Pravind Kumar Jugnauth (born 25 December 1961) is a Mauritian politician serving as the prime minister of Mauritius since January 2017. Jugnauth has been the leader of the Militant Socialist Movement (MSM) party since April 2003. He has held a number of ministerial portfolios and also been Leader of the Opposition.

Early life and education 
Born on 25 December 1961 in La Caverne, a suburb area in Vacoas-Phoenix, Mauritius, Jugnauth was born into a Hindu Yaduvanshi Ahir family. He was born to Anerood Jugnauth, a barrister, and Sarojini Ballah, a schoolteacher. He has an elder sister, Shalini Jugnauth-Malhotra.

After primary schooling at Aryan Vedic, he studied at Royal College Curepipe. He then went on to study law at the University of Buckingham, thus joining the Lincoln's Inn, and became a barrister. He then joined Aix-Marseille University in France where he graduated with a "diploma in civil law."

Family life 
Pravind Jugnauth married Kobita Ramdanee in 1992 and is the father of three daughters: Sonika, Sonali and Sara.
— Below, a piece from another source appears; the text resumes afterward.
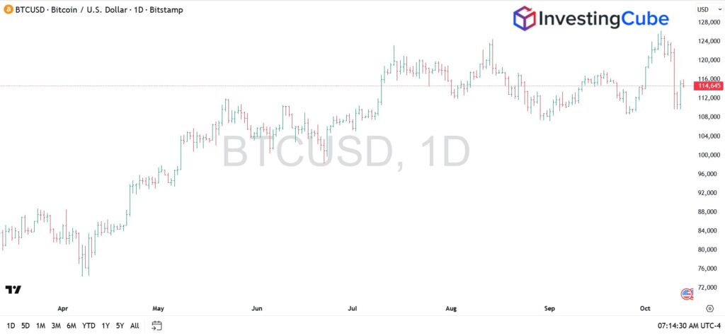 Bitcoin (BTC) is trading near $115,331, up 0.04% over the past 24 hours, as the market digests one of the most turbulent weekends in recent months. After climbing to intraday highs of $115,830, the asset has slipped into a narrow consolidation range, signaling that traders are recalibrating risk exposure before the next directional move. The tone across the market is one of cautious stability, a brief pause in volatility rather than a return to calm.

Start of political career 
Pravind Jugnauth entered the political arena in 1987 and officially joined the MSM in 1990.

2000 to 2005

As Minister of Agriculture from 7 September 2000 to 7 October 2003 (under MSM-MMM government), Jugnauth reformed the sugar sector by diversification with the production of ethanol, agricultural rhum, special sugars, electricity generation from bagasse and other high value-added products. Besides production costs were significantly reduced in response to a drop in the protected sugar price under the Sugar Protocol with the European Union. He also negotiated a package for workers under the Voluntary Retirement Scheme which enabled around 8000 workers to retire with cash compensation exceeding 2.5  billion rupees and around 825 arpents of land worth 3  billion rupees.

Jugnauth also encouraged hydroponics and other modern methods of agricultural production as well as agricultural biotechnology research. He created a National Agricultural Biotechnology Institute and Food Technology Laboratory in Mauritius and later launched the Small Planters Welfare Fund. The fund caters to the welfare of planters and their families and provides crop insurance schemes designed to financially support planters whose crops are affected by unfavourable weather conditions.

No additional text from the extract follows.